# Equilibrium question.

1. Nov 23, 2007

### kjthesandman

I was having trouble calculating the equilibrium of this object. I thought I had to solve it using the scalar cross product...but i'm not certain I am on the right track. Can some one help me? This is the question.

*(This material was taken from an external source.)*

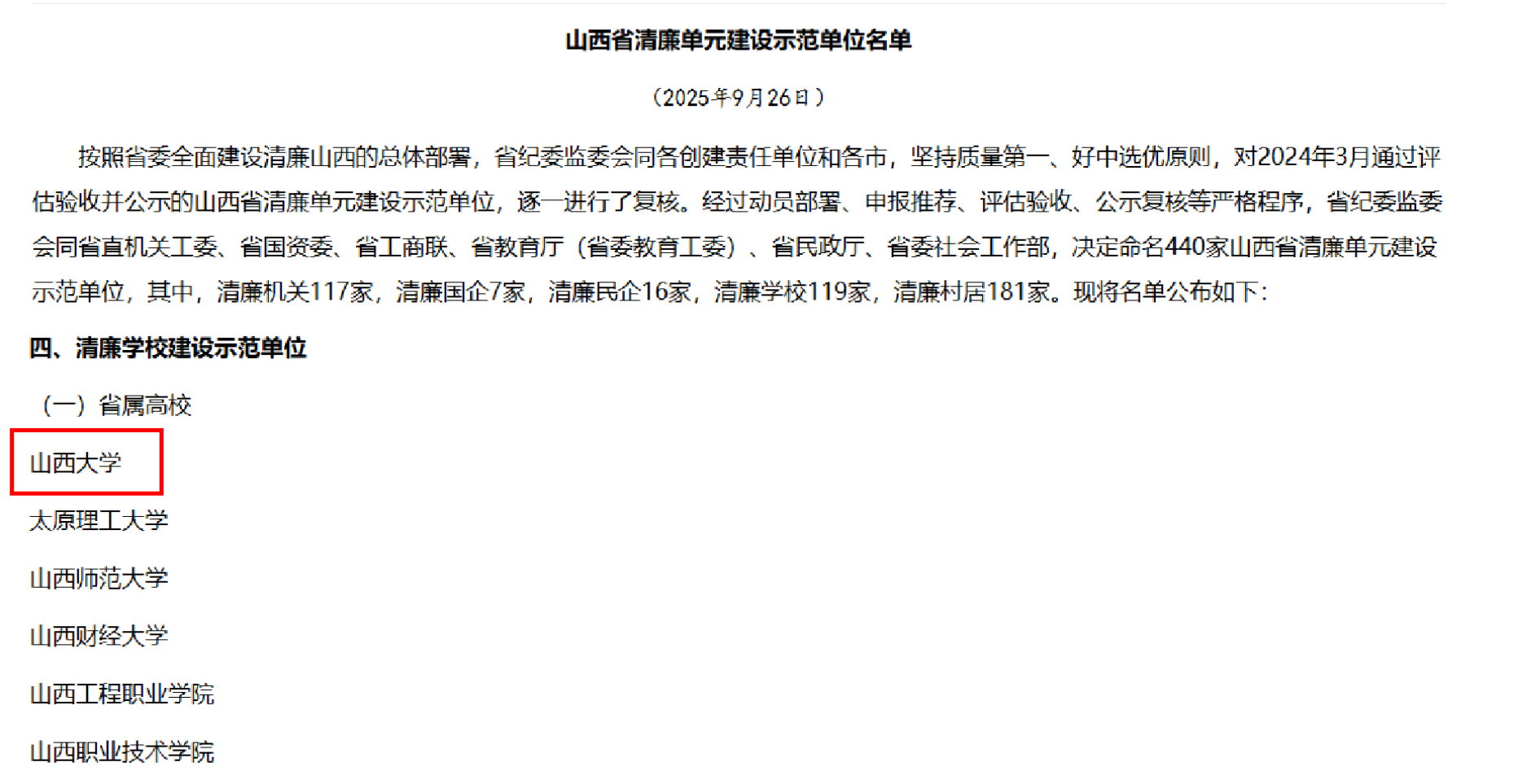 据悉,本次命名的440家山西省清廉单元建设示范单位中,包括清廉机关117家,清廉国企7家,清廉民企16家,清廉学校119家,清廉村居181家。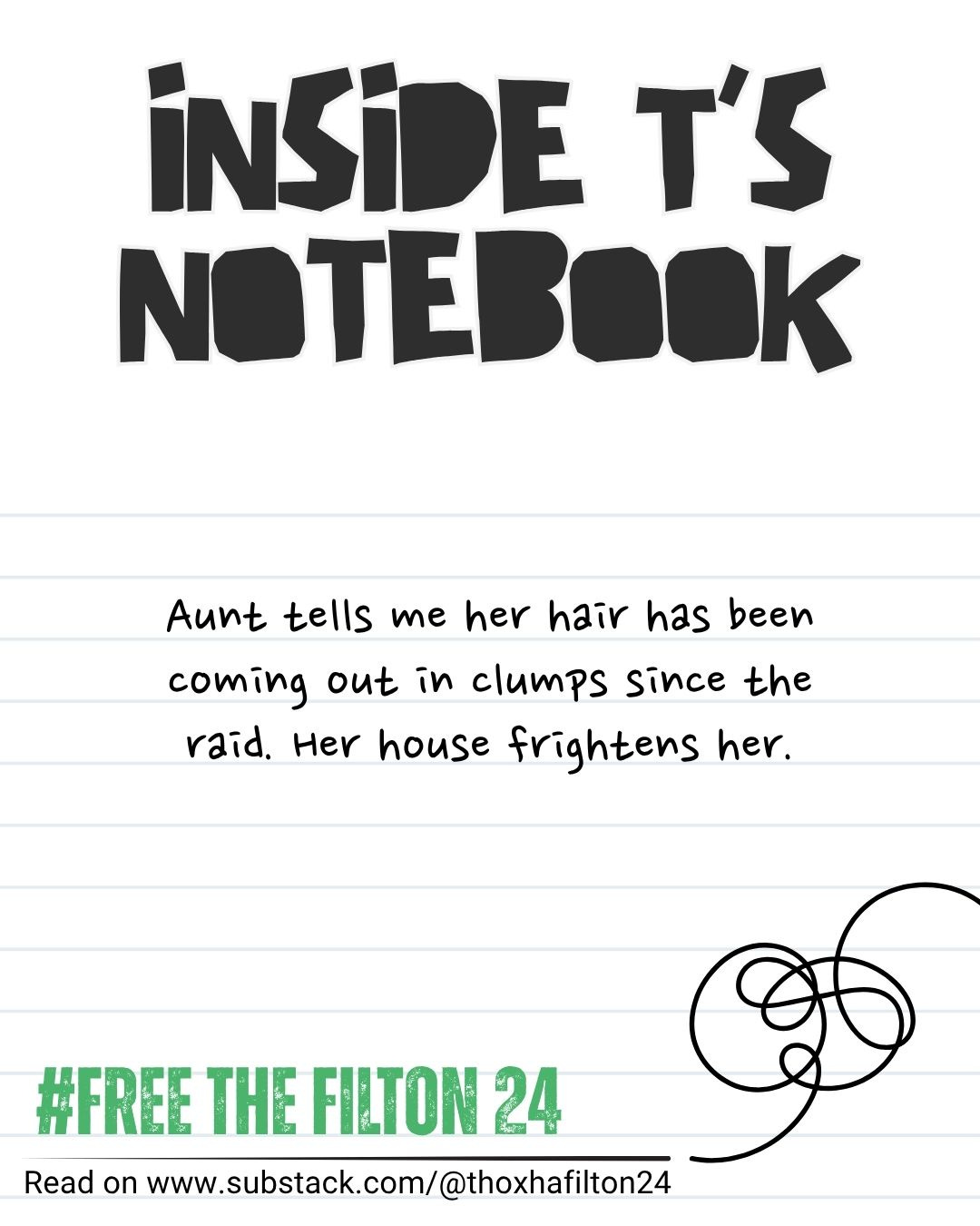 Aunt tells me her hair has been coming out in clumps since the raid. Her house frightens her.

A carpenter's square has the shape of an L, where d1 = 19.0 cm, d2 = 6.00 cm, d3 = 6.00 cm, d4 = 11.0 cm. Locate its center of gravity. (Hint: Take (x, y) = (0, 0) at the intersection of d1 and d4)

2. Nov 23, 2007

### azatkgz

Can you please draw this carpenter.I'll try to help you.

Like this?

Last edited: Nov 24, 2007
3. Nov 24, 2007

### kjthesandman

Sort of, actually d3 is connected to d1, and d1 is the longer side of the carpenter square. The picture looks more like this...

Last edited: Nov 24, 2007
4. Nov 24, 2007

### PhanthomJay

Rather than using cross products, break up the shape into 2 rectangles, and sum moment areas about each axis separately , where the moment of an area is the area times the perpendicular distance from its centroid to the axis, and where
(A1)x1 + A2(x2) = (A1 + A2)(X_), etc., (which you are familiar with?).

5. Nov 24, 2007

### kjthesandman

Well I was using the equation ((m1)(x1)+(m2)(x2))/(m1+m2)= but i keep getting the wrong answer...using this method how do i find y1, y2, and x1, x2. I know it seems like a real fundamental question but I am still having trouble.

6. Nov 24, 2007

### PhanthomJay

x1, x2, y1, and y2, are the perpendicular distances from the centroids of each area to the origin. For example, one of the rectangles is 19 by 6. For that particular rectangle, since its centroid is at its geometric center, then x1 is 3 and y1 is 9.5. Now find the centroid of the second rectangle, and the corresponding x2 and y2 distances. Be sure to use A1 and A2 for what you are calling m1 and m2.

7. Nov 24, 2007

### azatkgz

Centre of mass is between two centres of mass,so in the red line.Where the red lines coincide,there is the centre of mass of the carpenter.